Катастрофическое ухудшение питания жителей России повлекло за собой резкий рост заболеваемости и смертности. Сверхсмертность за период 1991-2003 годы составила 4 млн человек — число, сопоставимое со сверхсмертностью в годы Великой Отечественной войны.
Число тяжких и особо тяжких преступлений в России вышло на рекордный уровень: свыше 1 млн 600 тыс. в год в 1994 году и зашкаливало до 2001 года. Отказавшееся от всяких функций государство стимулировало воцарение в России особой, криминальной реальности, которая охватила все сферы — от крупного бизнеса и власти до армии и милиции.
Всеобъемлющий хаос, паралич административной системы, обнищание силовых структур, хозяйственная разруха — это все необходимые слагаемые для сепаратизма, гражданских войн и оттягивания целых кусков территории. Этот сценарий сполна был воплощен в СССР, причем именно Гайдар входил в экспедицию из доверенных лиц Ельцина, которые приговаривали Советский Союз в Беловежской Пуще. Этот же сценарий был разыгран, хотя и не реализован, в России.
Гайдар категорически отрицал всякую свою вину в вооружении Чечни. «Вопросы передвижения вооруженных сил и распоряжения вооружением никогда не входили в сферу моей компетенции, в том числе в то время, когда оружие было передано Дудаеву.
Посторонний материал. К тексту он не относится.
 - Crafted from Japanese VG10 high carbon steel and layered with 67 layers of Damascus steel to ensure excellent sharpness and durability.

Это находилось в сфере компетенции двух президентов — Советского Союза и России, М. Горбачева и Б. Ельцина, двух министров обороны — Е. Шапошникова и П. Грачева, а также заместителей министра обороны, которые занимались этим вопросом. Я не имел никаких полномочий, прав, обязанностей и возможностей давать указания о том, что делать с вооружением. Правительство не имело никакого административного отношения к этому достаточно закрытому вопросу, который никогда не выносился на правительство и не обсуждался», — писал он.
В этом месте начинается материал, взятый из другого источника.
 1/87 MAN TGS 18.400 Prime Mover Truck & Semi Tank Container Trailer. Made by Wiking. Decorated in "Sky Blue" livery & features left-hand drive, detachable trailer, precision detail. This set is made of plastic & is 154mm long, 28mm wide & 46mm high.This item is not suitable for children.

По словам Гайдара, министр в его правительстве не подчинялся ему, председателю правительства, и он не мог дать ему распоряжений касательно сохранности оружия, которое попало в руки Джохара Дудаева. Если это было так на самом деле, то это и есть апогей гайдаровского хаоса в России, который едва не привел к долгой, жестокой, последней для России войне. В результате дикого управленческого хаоса врага вооружили, внушили ему мысль о безнаказанности, до самого ввода войск позволяли торговать нефтью, накапливая силы. Правительство Ельцина-Гайдара поставило сепаратистов Дудаева в такие запредельно комфортные условия, что вслед за ними в очередь на войну встал весь Северный Кавказ, Татарстан и Башкирия, чье отделение означало бы потерю всего Урала, всей Сибири и всего Дальнего Востока.
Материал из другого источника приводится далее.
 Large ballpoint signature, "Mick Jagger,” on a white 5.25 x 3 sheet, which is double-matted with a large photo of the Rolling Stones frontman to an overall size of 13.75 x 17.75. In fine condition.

И это тоже должен был обеспечить Гайдар. Именно он предотвратил ввод войск в Чечню в ноябре 1992 года, когда армия разводила стороны осетино-ингушского конфликта и когда сепаратисты не были так сильны. Вполне последовательно в декабре 1994 года реформатор осудил ввод войск в Чечню и бомбардировки Грозного. Либеральные концепции Гайдара не предусматривали существования России в ипостаси державы, зато вполне согласовывались с механизмом дальнейшего распада страны на более мелкие территории.
Гайдар упразднил все государственные расходы на поддержание механизмов целостности страны, ее державной роли, ее статуса. Вряд ли он не понимал, что эта страна может существовать лишь в своей исторически заложенной великодержавной роли — иначе она вообще не будет существовать.
Комплекс профессора Преображенского
Знаток творчества Михаила Булгакова Мариэтта Чудакова недаром написала книжку про Гайдара. Потому что это одна и та же культурная среда. Это люди, тоскующие по чугунному теплу квартиры профессора Преображенского, восславляющие Борменталей и ненавидящие Шариковых со Швондерами.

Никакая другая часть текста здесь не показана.